I have 17 x 2TB + 1 x 3TB drives available, but my final array will be 16 x 2TB drives configured as 2 x 8-drive RAIDZ2, providing a total of 12 data drives and 4 parity.

My question relates to ashift, and what ashift I am best using for my two VDEVs, given that I - unfortunately - have a mix of sector sizes amongst my drives. I haven't been a professional sysadmin for several years and I'm rather out of touch with hardware. As such I only really learnt about ashift, and the impact of Advanced Format drives on ZFS, in the last week - after I had already bought a bunch of refurbished drives to expand my original 9 x 2TB RAIDZ2 into the planned 16 drive config. (Ironically, it turned out the drives I already had - purchased new in 2011 - were 4k, but most of the extra drives I bought this week were 512b!)

Of the 18 drives I have available, exactly half are native 512b sectors, with the other half being 4k drives that present as 512 ('512e')

However - and this part confuses me - of the nine 4k drives I have, seven result in an ashift of 9 when used in any VDEV, and two result in an ashift of 12. I tested this by making one pool for every type of drive and checking ashift with zdb -C.

The seven giving ashift=9 makes sense as they're 512e drives, but I don't quite follow why the other two give ashift=12 given they're also 512e. I'd have expected either all of them to be 12 (if Solaris can work out they're really 4k), or all 9 (if it can't.) But maybe there's some extra info that these two drives provide that others don't? Or maybe Solaris contains a configuration list of specific drives to use certain ashift values with - as I have since read that Illumos does with its configurable sd driver?

Of the 16 drives I actually plan to use, only one results in ashift=12. Therefore, if I just went ahead and created my zpool without further thought, I would end up with one VDEV with an ashift of 9 and the other with an ashift of 12. I've noticed that using this config results in slightly unbalanced data allocation across the two VDEVs (as monitored with zpool iostat -v)

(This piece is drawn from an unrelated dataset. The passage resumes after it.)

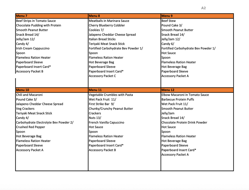 USGI MRE's Meal Ready to Eat. Comes with Heater, and contents (see attached pictures).
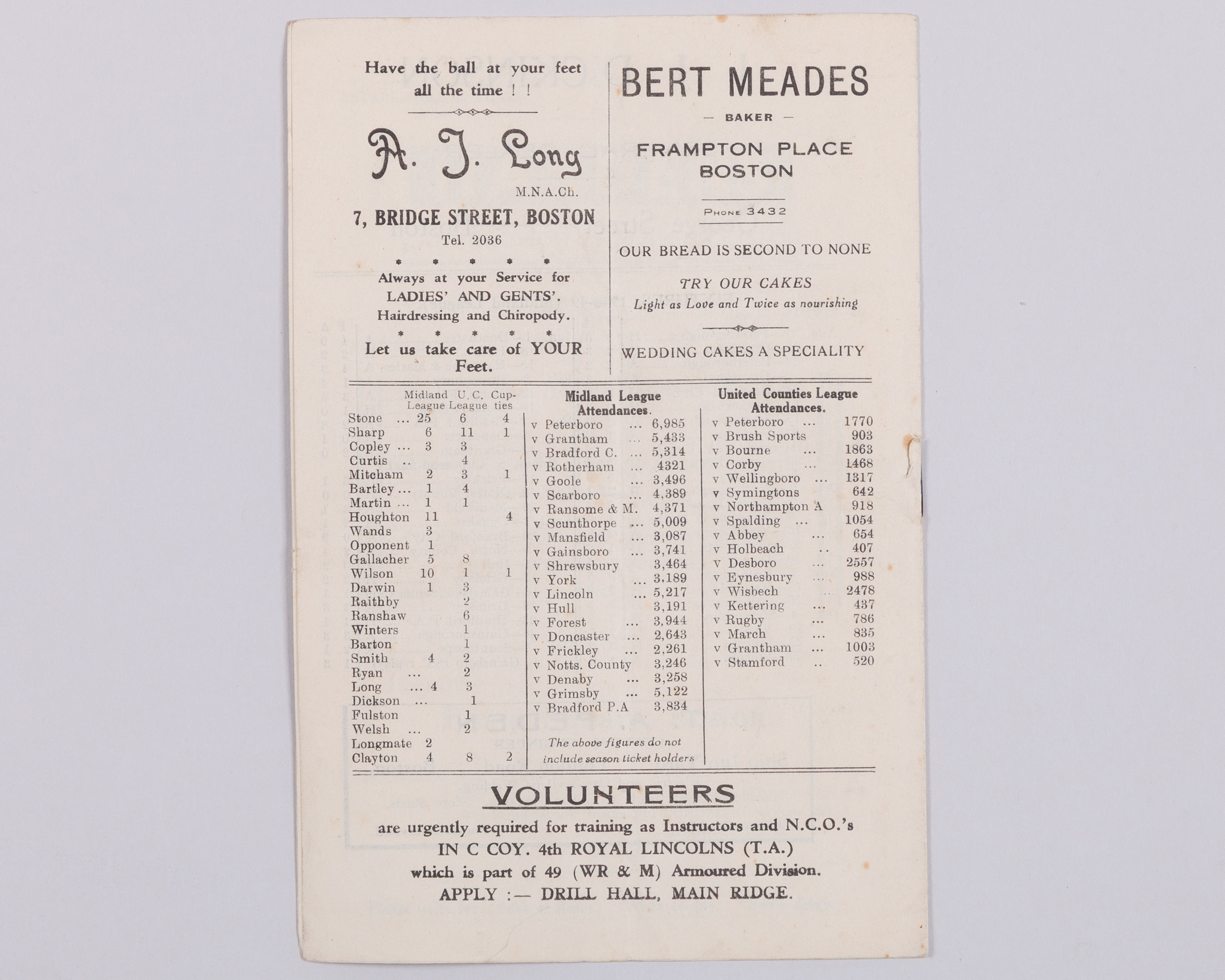 Boston United v. Leeds United Friendly match programme, 5th May 1949

However, I have found that I can manipulate the ashift. Solaris 11 doesn't provide a direct way to set ashift (unlike most/all other newer ZFS implementations, I've read). But I can force the ashift to be 9 by building the pool using a file instead of the ashift=12 drive, then switching in the real drive with zpool replace afterwards. Similarly, I can also force both VDEVs to be ashift=12 using one of my two spare drives which has that ashift value. Again, I can build the pool with this drive in place and then zpool replace in the drive I actually want. I've tested both of those methods and they seem to work OK.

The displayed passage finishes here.